Sorbelato !!! what is that?

In my daily life, I tend to drown myself in details and routines and sometimes I feel even stagnant living happy times and sometimes not so happy times. Yet, all along those times and despite it all,  part of my mind functions in a reverie state and that is my strength. It is in that corner of blue sky in my mind that I think of ideas, of flavors, of a special touch to add to our product that we like to call a “spin”. I may go dormant and hardly blog but I hope YOU all, friends of Rollin’Gelato, don’t lose sight of us. Please keep visiting, there will be something that we like to share. Thank goodness for John who keeps up with the posting and keeps Rollin’ Gelato rolling.

I have tried in the past to use Non-dairy milk and did not succeed. Often  it hardens because of the lack of fat and dairy protein, since I am trained to do the classical making of gelato and sorbet. However, in order to meet the request of friends/customers to use specific ingredients (such as Olive oil, protein whey, non-dairy, etc…), my mind is now shifting gears and starting to think outside the obvious in order to meet the request/challenge. The biggest question that I pondered on is how to create a sorbet-like product,  with the creaminess of a gelato without the dairy …. Thus the idea of a Sorbelato.

Here in Austin, I remade the extra virgin olive oil vegan gelato.  This time, I used Sola Stella extra virgin olive oil, an award winning oil from a grove grown in Dripping Springs, Texas (The Texas Hill Country Olive Company). We plan to introduce this flavor to our Texan customers.

Of note, the first time I made that recipe in Michigan, I used Oleavanti extra virgin olive oil imported from Lebanon.  Going forward, that oil will be for Michigan Rollin’Gelato.

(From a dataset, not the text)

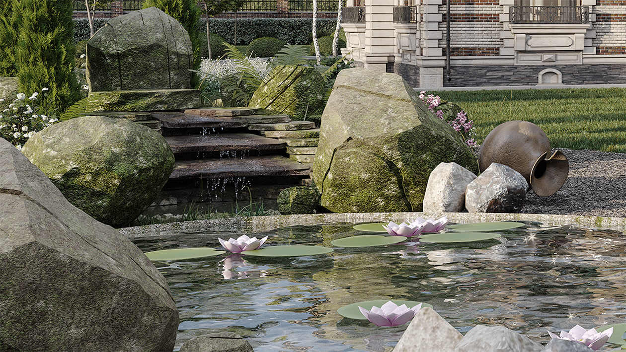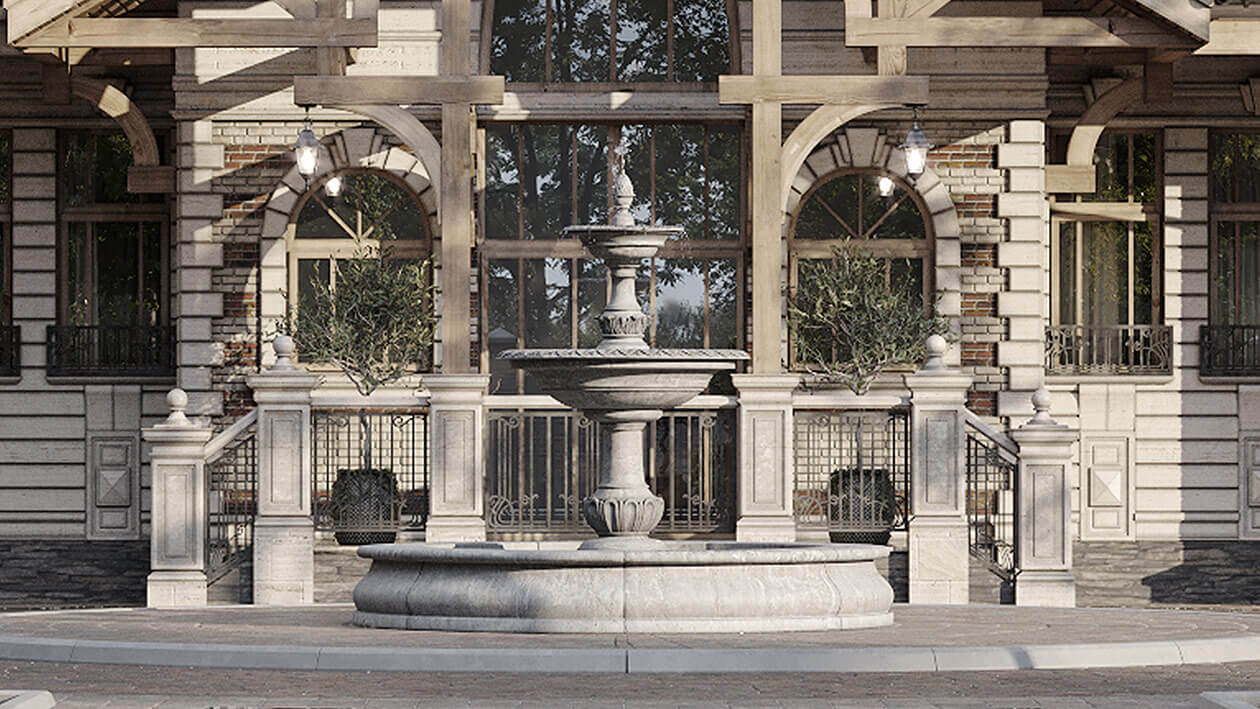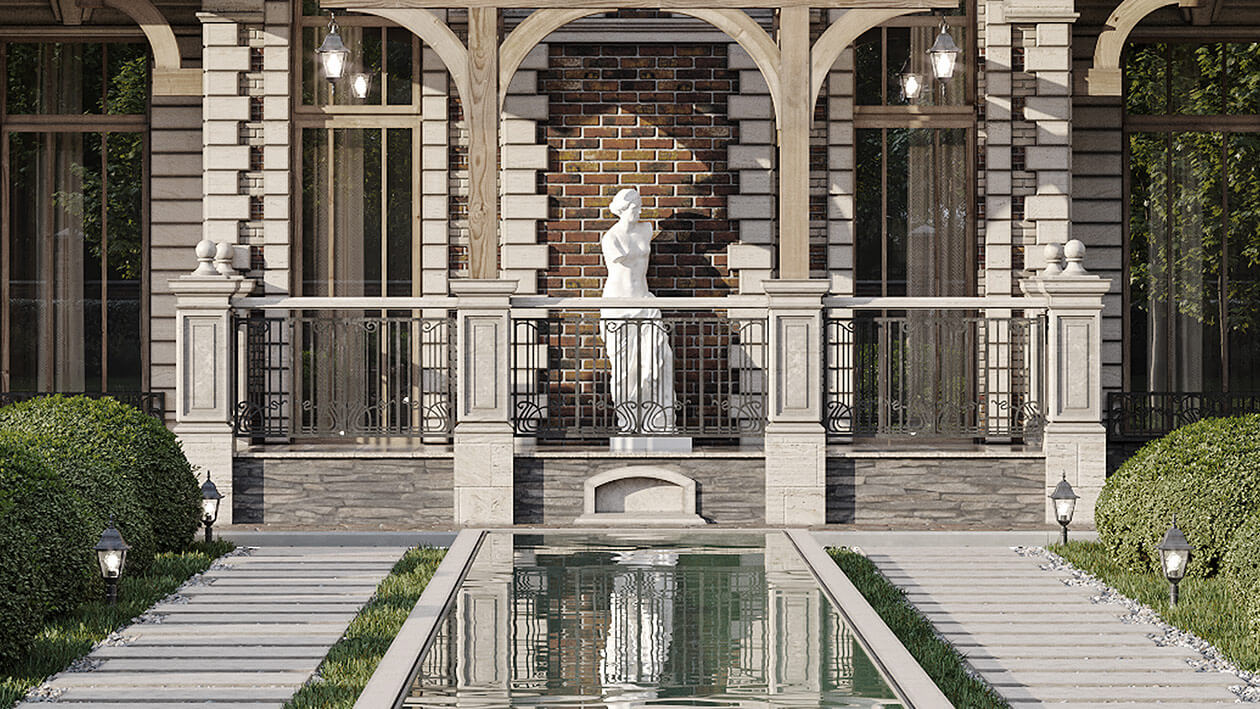 Завершает входную группу каменный фонтан, в то время как во внутреннем дворе скульптура греческой Богини Афродиты отражается в водной глади искусственного водоема.

I made Cashew milk-peanut butter-pumpkin. The creaminess of this one is wonderfuly noticeable and on top of that it is vegan. I am pondering on a chocolate syrup to drizzle over it.

Last for the time being: Mocha sorbet with swiss meringue (chocolate from Delysia chocolatiere-Texas, coffee from Greater Goods-Texas). I passed the challenge; the meringue incorporated nicely and provided the elasticity and sense of creaminess and did not weep nor separate. Yes!!!!

This latter one was a revisit on making Swiss meringue (Pastry Class-Sullivan University), using the egg whites that remains after making a traditional gelato with egg yolks. No waste here.

Rollin’Gelato will continue on offering traditional style of gelato and sorbet and always working to bring a “spin”, an excitement to your taste buds.

Happy Thanksgiving to you all, and to all lots of blessings.